__PROBLEM TO WORK ON__: What you give back must match the records below exactly, apart from the pictures, which are omitted.

-=-=-

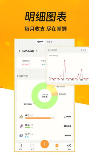 --账单明了:软件提供周统计、月统计和年统计功能,通过直观的图表展示消费趋势。用户还可以一键导出账单,方便与家人或朋友分享,共同制定理财计划。
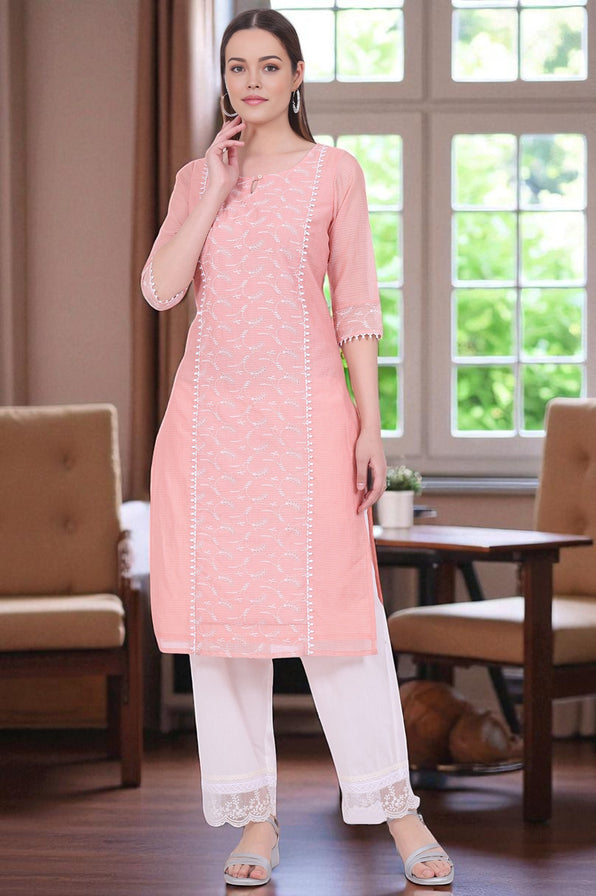 Aurelia offers a charming fusion kurta for women, designed for casual wear. This mid-calf length garment is crafted using a woven construction technique, featuring a unique blend of 87% cotton and 13% nylon. The peach-colored kurta boasts a keyhole neckline, adding a touch of elegance to its overall design. The three-quarter sleeve length provides comfort and style, suitable for various occasions. A notable feature is the slit detail, which adds movement and a contemporary twist to the traditional kurta silhouette. The straight cut of the kurta ensures a flattering fit for different body types. Lace embellishments enhance its aesthetic appeal, striking a perfect balance between simplicity and sophistication. The cotton blend fabric offers breathability and durability, making it ideal for extended wear. Aurelia's attention to detail is evident in this beautifully crafted kurta, making it a versatile addition to any wardrobe. The fusion of traditional and modern elements in this piece reflects Aurelia's commitment to creating fashion-forward yet culturally rooted designs for the contemporary woman.
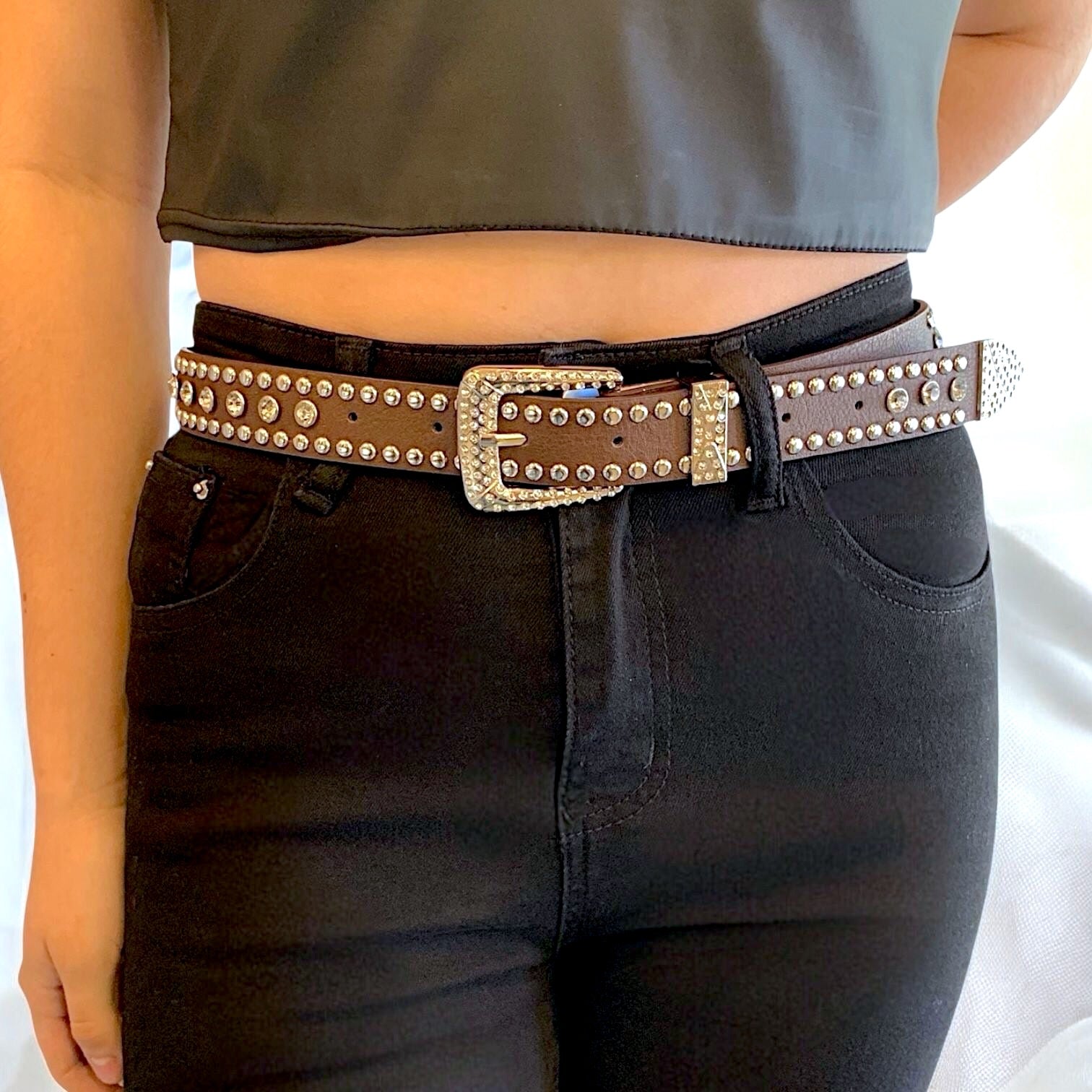 Cinto eco cuero con hebilla y tachas plateadas de metal + piedritas de strass.
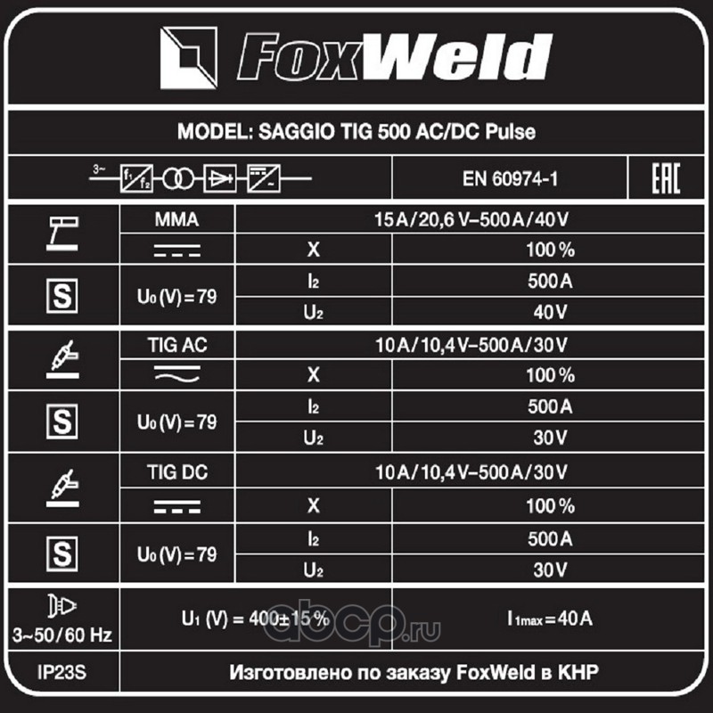 | FoxWeld | 7588 | Аппарат аргонодуговой сварки SAGGIO TIG 500 AC/DC Pulse | ||
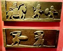 Pattern of warriors fighting on a fragment of jar. Brown glazed ceramic, Trần dynasty, 13th - 14th century.
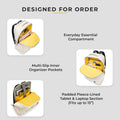 The backpack's interior is lined with EUME’s distinctive yellow waterproof fabric, ensuring your belongings stay protected. The main compartment offers ample space for files and daily essentials and is equipped with three slip pockets, a secure zipper pocket for valuables, and an elastic loop for holding circular items like containers or umbrellas. The second compartment is specifically designed for your electronics, featuring a soft, padded fleece lining to securely hold a laptop up to 15.6 inches along with a tablet.
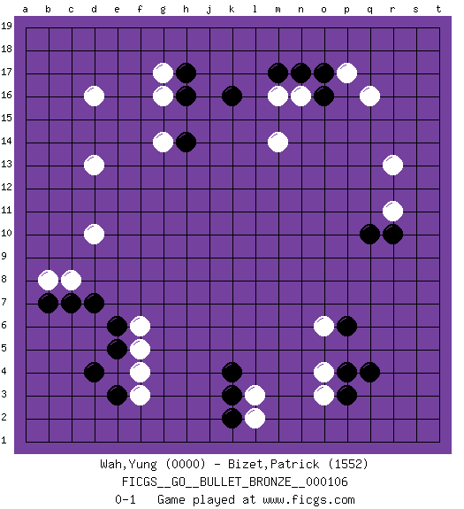 Last move : 0-1 2011 May 14 14:45:21 [Event "FICGS__GO__BULLET_BRONZE__000106"] [Site "FICGS"] [Date "2011.05.14"] [Round "1"] [Black "Wah,Yung"] [White "Bizet,Patrick"] [Result "0-1"] [Rating 1 "0000"] [Rating 2 "1552"] 1.q4 d16 2.d4 q16 3.k16 d10 4.q10 r13 5.o16 m16 6.m17 n16 7.n17 p17 8.o17 g17 9.h17 g16 10.h16 d13 11.k4 o3 12.p3 o4 13.p4 l3 14.k3 l2 15.k2 o6 16.p6 f3 17.e3 f4 18.e5 f5 19.e6 f6 20.d7 c8 21.c7 b8 22.b7 r11 23.r10 g14 24.h14 m14 0-1 This go game has been lost on time (started : 2011.05.14 14:25:37) Here are the names of the openings (joseki) played in the four corners : Corner q4 : q4 o3 Hoshi (Hwajeom, Seongjeom, Xingwei`) 4-4 Point. The star or hoshi (4-4) point, emphasizing influence at the potential expense of territory. Ikken Kakari (Hankan Keolch'im, Yi Gua`jiao~, 1-Space Low Approach). White 2 is the standard approach move to the 4-4. Corner d4 : d4 f3 Hoshi (Hwajeom, Seongjeom, Xingwei`) 4-4 Point. The star or hoshi (4-4) point, emphasizing influence at the potential expense of territory. Ikken Kakari (Hankan Keolch'im, Yi Gua`jiao~, 1-Space Low Approach). White 2 is the standard approach move to the 4-4. Player White won this Go (weiqi, baduk) game. Follow this game move after move (download)Ikken tobi is never wrong. (Anonymous) Have no fear of perfection - you'll never reach it. (Salvador Dali)
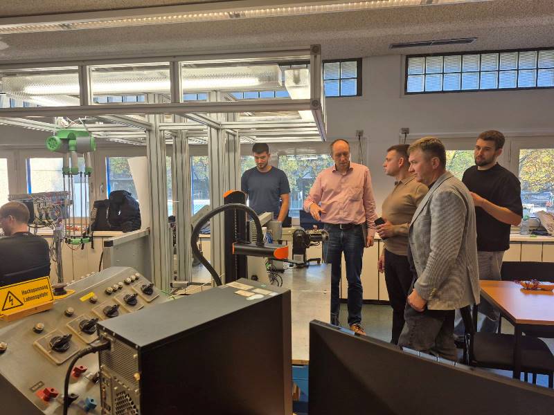Делегація від НУХТ провела низку знакових зустрічей у рамках візиту до Німеччини. Відбулися обговорення з провідними фахівцями Берлінського університету прикладних наук, зокрема з головною координаторкою проекту, професоркою Олівією Кей, професорами Стефаном Юнге і Роналдом Кічербергером, деканом факультету, професором Петером Гобером і відповідальним за міжнародну діяльність, професором Маркусом Пуратом. Учасники делегації також відвідали науково-дослідні лабораторії університету, де ознайомилися із сучасним обладнанням, методиками проведення експериментів і напрямами актуальних досліджень. Ці зустрічі сприяли обміну досвідом, зміцненню партнерських зв’язків між університетами та відкрили нові можливості для спільних освітніх і наукових проєктів у галузі автоматизації, комп’ютерних технологій та інтелектуальних систем управління.
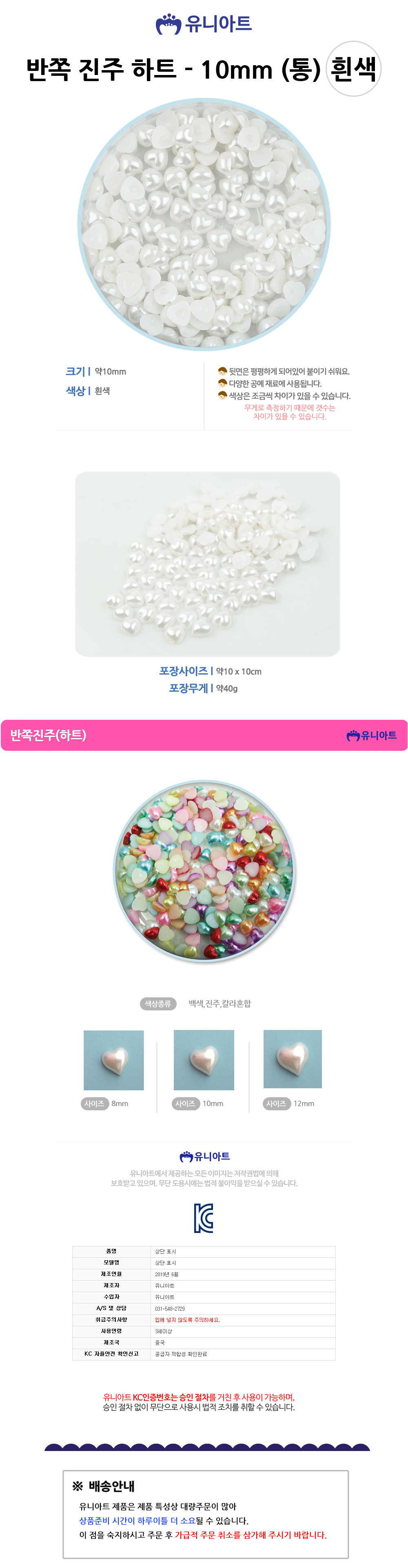 유니아트 5000 반쪽 진주 하트 흰색 10mm 통
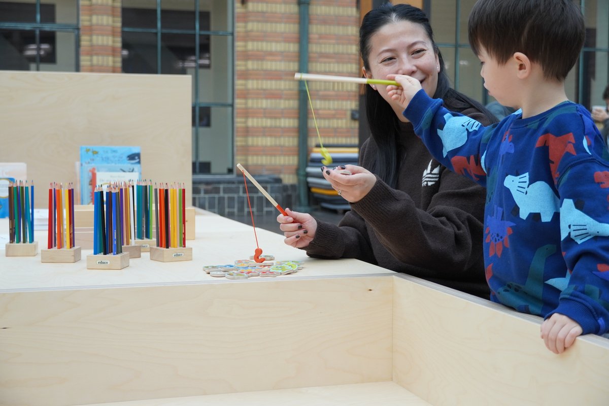 Moeder en kind vissen samen met speelgoedhengels bij het Doe-eiland

-=-=-

__EXERCISE RESPONSE__:
 --账单明了:软件提供周统计、月统计和年统计功能,通过直观的图表展示消费趋势。用户还可以一键导出账单,方便与家人或朋友分享,共同制定理财计划。
 Aurelia offers a charming fusion kurta for women, designed for casual wear. This mid-calf length garment is crafted using a woven construction technique, featuring a unique blend of 87% cotton and 13% nylon. The peach-colored kurta boasts a keyhole neckline, adding a touch of elegance to its overall design. The three-quarter sleeve length provides comfort and style, suitable for various occasions. A notable feature is the slit detail, which adds movement and a contemporary twist to the traditional kurta silhouette. The straight cut of the kurta ensures a flattering fit for different body types. Lace embellishments enhance its aesthetic appeal, striking a perfect balance between simplicity and sophistication. The cotton blend fabric offers breathability and durability, making it ideal for extended wear. Aurelia's attention to detail is evident in this beautifully crafted kurta, making it a versatile addition to any wardrobe. The fusion of traditional and modern elements in this piece reflects Aurelia's commitment to creating fashion-forward yet culturally rooted designs for the contemporary woman.
 Cinto eco cuero con hebilla y tachas plateadas de metal + piedritas de strass.
 | FoxWeld | 7588 | Аппарат аргонодуговой сварки SAGGIO TIG 500 AC/DC Pulse | ||
 Pattern of warriors fighting on a fragment of jar. Brown glazed ceramic, Trần dynasty, 13th - 14th century.
 The backpack's interior is lined with EUME’s distinctive yellow waterproof fabric, ensuring your belongings stay protected. The main compartment offers ample space for files and daily essentials and is equipped with three slip pockets, a secure zipper pocket for valuables, and an elastic loop for holding circular items like containers or umbrellas. The second compartment is specifically designed for your electronics, featuring a soft, padded fleece lining to securely hold a laptop up to 15.6 inches along with a tablet.
 Last move : 0-1 2011 May 14 14:45:21 [Event "FICGS__GO__BULLET_BRONZE__000106"] [Site "FICGS"] [Date "2011.05.14"] [Round "1"] [Black "Wah,Yung"] [White "Bizet,Patrick"] [Result "0-1"] [Rating 1 "0000"] [Rating 2 "1552"] 1.q4 d16 2.d4 q16 3.k16 d10 4.q10 r13 5.o16 m16 6.m17 n16 7.n17 p17 8.o17 g17 9.h17 g16 10.h16 d13 11.k4 o3 12.p3 o4 13.p4 l3 14.k3 l2 15.k2 o6 16.p6 f3 17.e3 f4 18.e5 f5 19.e6 f6 20.d7 c8 21.c7 b8 22.b7 r11 23.r10 g14 24.h14 m14 0-1 This go game has been lost on time (started : 2011.05.14 14:25:37) Here are the names of the openings (joseki) played in the four corners : Corner q4 : q4 o3 Hoshi (Hwajeom, Seongjeom, Xingwei`) 4-4 Point. The star or hoshi (4-4) point, emphasizing influence at the potential expense of territory. Ikken Kakari (Hankan Keolch'im, Yi Gua`jiao~, 1-Space Low Approach). White 2 is the standard approach move to the 4-4. Corner d4 : d4 f3 Hoshi (Hwajeom, Seongjeom, Xingwei`) 4-4 Point. The star or hoshi (4-4) point, emphasizing influence at the potential expense of territory. Ikken Kakari (Hankan Keolch'im, Yi Gua`jiao~, 1-Space Low Approach). White 2 is the standard approach move to the 4-4. Player White won this Go (weiqi, baduk) game. Follow this game move after move (download)Ikken tobi is never wrong. (Anonymous) Have no fear of perfection - you'll never reach it. (Salvador Dali)
Делегація від НУХТ провела низку знакових зустрічей у рамках візиту до Німеччини. Відбулися обговорення з провідними фахівцями Берлінського університету прикладних наук, зокрема з головною координаторкою проекту, професоркою Олівією Кей, професорами Стефаном Юнге і Роналдом Кічербергером, деканом факультету, професором Петером Гобером і відповідальним за міжнародну діяльність, професором Маркусом Пуратом. Учасники делегації також відвідали науково-дослідні лабораторії університету, де ознайомилися із сучасним обладнанням, методиками проведення експериментів і напрямами актуальних досліджень. Ці зустрічі сприяли обміну досвідом, зміцненню партнерських зв’язків між університетами та відкрили нові можливості для спільних освітніх і наукових проєктів у галузі автоматизації, комп’ютерних технологій та інтелектуальних систем управління.
 유니아트 5000 반쪽 진주 하트 흰색 10mm 통
 Moeder en kind vissen samen met speelgoedhengels bij het Doe-eiland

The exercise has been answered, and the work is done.